Another example of a design with an unrelated table that I never used in
practice but can imagine easily enough, would be a single-row table to
hold an application's "processing date" (so that a batch that runs past
midnight can all be processed as if all was on the same date, and that
actions can be "redone" [or tested] on a simulated dy - I have worked
with such systems back in my mainframe PL/I programming days, but they
used flat files rather than databases <g>).
>I had a look at the microsoft adventureworks database schema diagram
and they seem to have 3 standalong tables - AWBuildVersion, ErrorLog
and DatabaseLog (unless i am reading it wrong!)
For examples of good design, please don't look at any Microsoft supplied
samples. Even though AdventureWorks is miles ahead of Northwind and
pubs, it's still filled to the brim with bad practices.

--
Hugo Kornelis, SQL Server MVP
My SQL Server blog: http://sqlblog.com/blogs/hugo_kornelis
Jun 25 '07 #4
In addition to the other replies, I would add that foreign key constraints
are just one of many tools the database designer can use to help ensure that
bad data does not get placed in your database. Other tools include check
constraints, using the right datatypes (eg, store dates in a datetime
column, not a varchar column), sometimes triggers, etc.
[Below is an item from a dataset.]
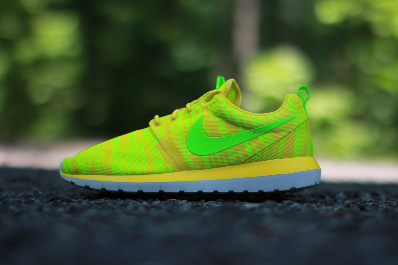 Priced at $95, you may find the Nike Roshe Run NM BR “Charm Yellow/Electric Green-Volt” through your local retailer or Rock City Kicks.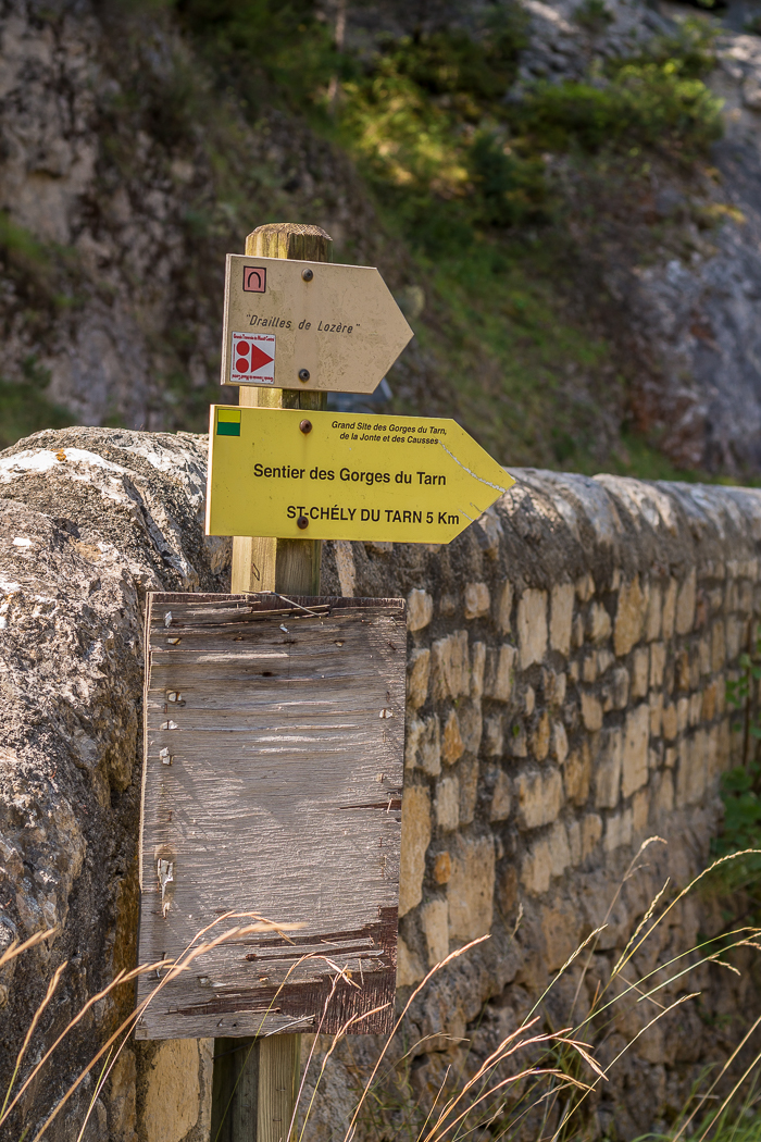 Ce sentier surplombe la rivière et offre de nombreux points de vue sur les Gorges du Tarn. Même en plein été, nous étions presque seuls sur ce chemin. Notez que les derniers mètres en descendant vers St Chély sont un peu escarpés, mais rien d’insurmontable (testé et validé avec un petit Louison dans son porte-bébé.)

So an important question is what the consequences will be if (when!, my
experience is if bad data can be put into a database, sooner or later, it
will be) invalid data is put into your audit table(s). That might range
from nobody really cares, to it's going to be a lot of work to fix it, to
somebody (you?) gets fired, to your company would be subject to a
significant fine, to somebody might go to prison (if, for example, your
audit trail is being used to prove compliance with SOX). So ask yourself
questions like what will happen if your boss comes to you and says the audit
trail says that user x created project y at time z, but there is no project
y in the system.

I certainly have tables in databases I have designed that do not have any
foreign key relationships to other tables, but before implementing one, I
would always think carefully about it.

Tom

<ny********@hotmail.comwrote in message
news:11**********************@g37g2000prf.googlegr oups.com...
Hi,

I have a question regarding best practices in database design. In a
relational database, is it wise/necessary to sometimes create tables
that are not related to other tables through a foreign Key
relationship or does this always indicate some sort of underlying
design flaw. Something that requires a re evaluation of the problem
domain?

The reason I ask is because in our application, the user can perform x
number of high level operations (creating/updating projects, creating/
answering surveys etc. etc.). Different users can perform different
operations and each operation can manipulate one or more table. This
part of the system is done and working. Now there is a requirement to
have some sort of audit logging inside the database (separate from the
text based log file that the application generates anyway). This
"audit logging" table will contain high level events that occur inside
the application (which may or may not relate to a particular
operation). This table is in some sense related to every other table
in the database, as well as data that is not in the database itself
(exceptions, external events etc.). For example : it might have
entries that specify that at time x user created project y, at time A
user filled out survey B, at time C LDAP server was down, At time D an
unauthorized login attempt occurred etc.

As I said, these seems to suggest a stand alone, floating table with a
few fields that store entries regarding whats going on the system
without any direct relationship to other tables in the database. But I
just feel uneasy about creating such an isolated table. Another option
is to store the "logging" information in another schema/database, but
that doubles the maintainance work load. Not really looking forward to
maintaining/designing two different schemas.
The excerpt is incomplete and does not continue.